A reflective beam expander enlarging the nominal beam diameter from 10 to 36 mm forwards the beam to the Aladin telescope (beam perpendicular to the TRO base plate in Fig. 1).

The calibration path is expanded by an aberration generator, bypasses the telescope port, transmits through grey filters for beam attenuation, and a blocking prism, and is then overlaid to the reception path.

The optical design of the TRO has been published earlier^{(2) (3)}.

2.

MECHANICAL STABILITY OF THE TRO COMPONENTS

One of the most stringent requirements for the TRO is the opto-mechanical stability. The long-term stability of the TRO (3 years mission lifetime), i. e. output beam stability with respect to the unit interface in rotation must be better than 50 μrad.
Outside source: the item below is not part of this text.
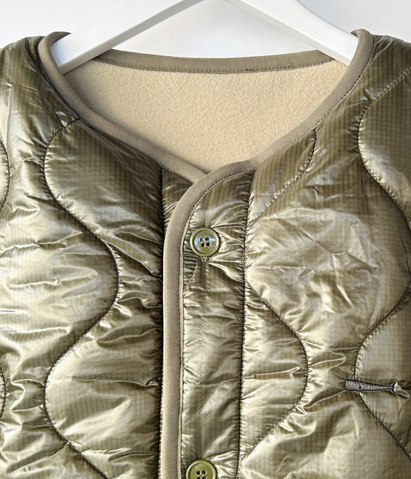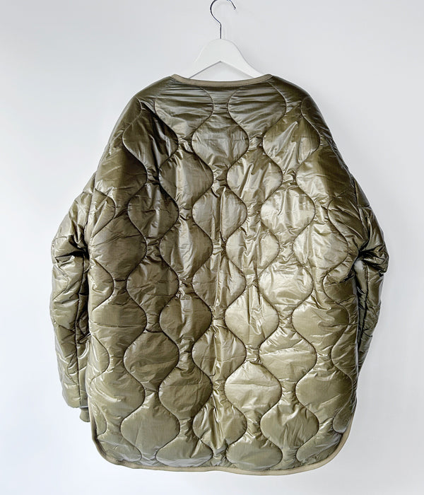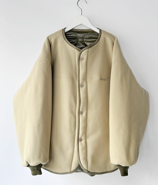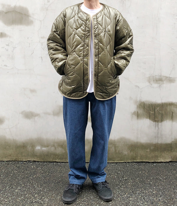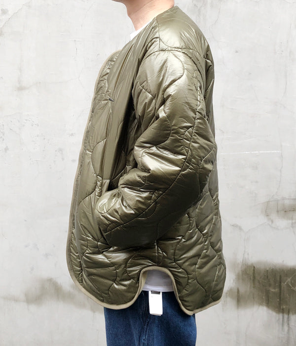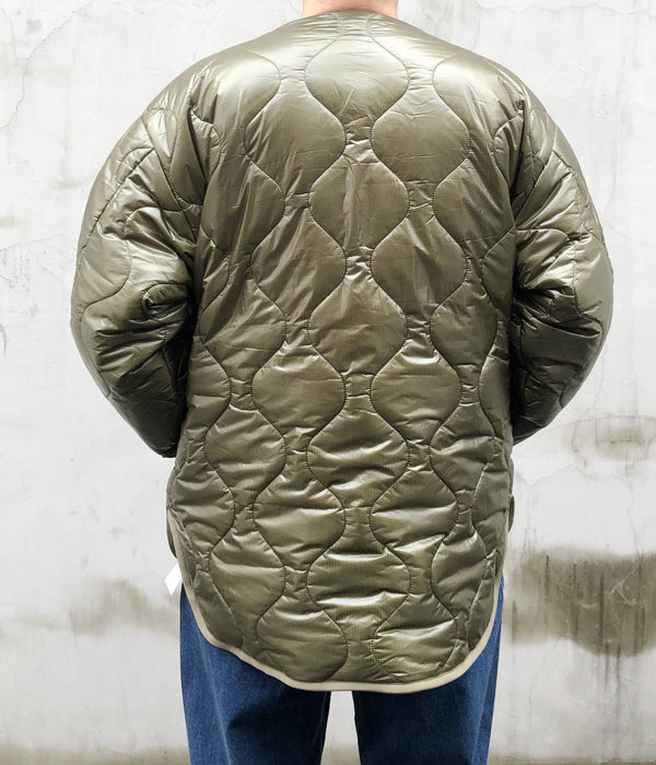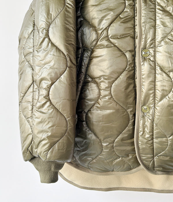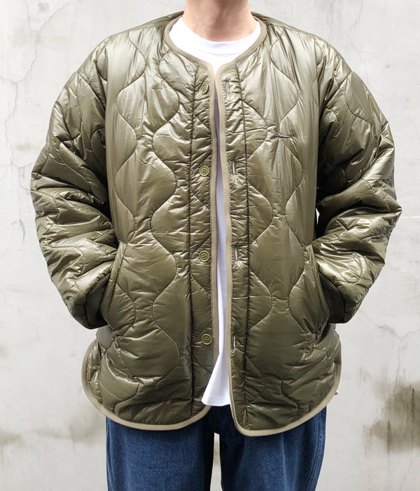 DESCENDANTから、ASMIL NYLON JACKET CLIMASHIELDが入荷しました。リップストップナイロンにひょうたん柄のキルティング加工を与えたノーカラージャケット。米軍のサプライヤーも務める、優れた耐久性と高い熱効率を誇るクライマシールドを内蔵し、裏地に厚手のフリースをあてがい保温性は抜群です。両面着用可能なリバーシブル仕様です!

Three engineering disciplines are involved in the opto-mechanical design of the TRO: Optical, Thermal, and Mechanical including structural aspects. As an example the operational temperature for the TRO ranges from 15 to 30 degrees Celsius. For stability iterations the starting points were thermal and structural models devided from a best guess mechanical design chosen to mount the optics. The required thermal and structural load cases were applied to the structural model to solve for the rotation and displacement of the optical element.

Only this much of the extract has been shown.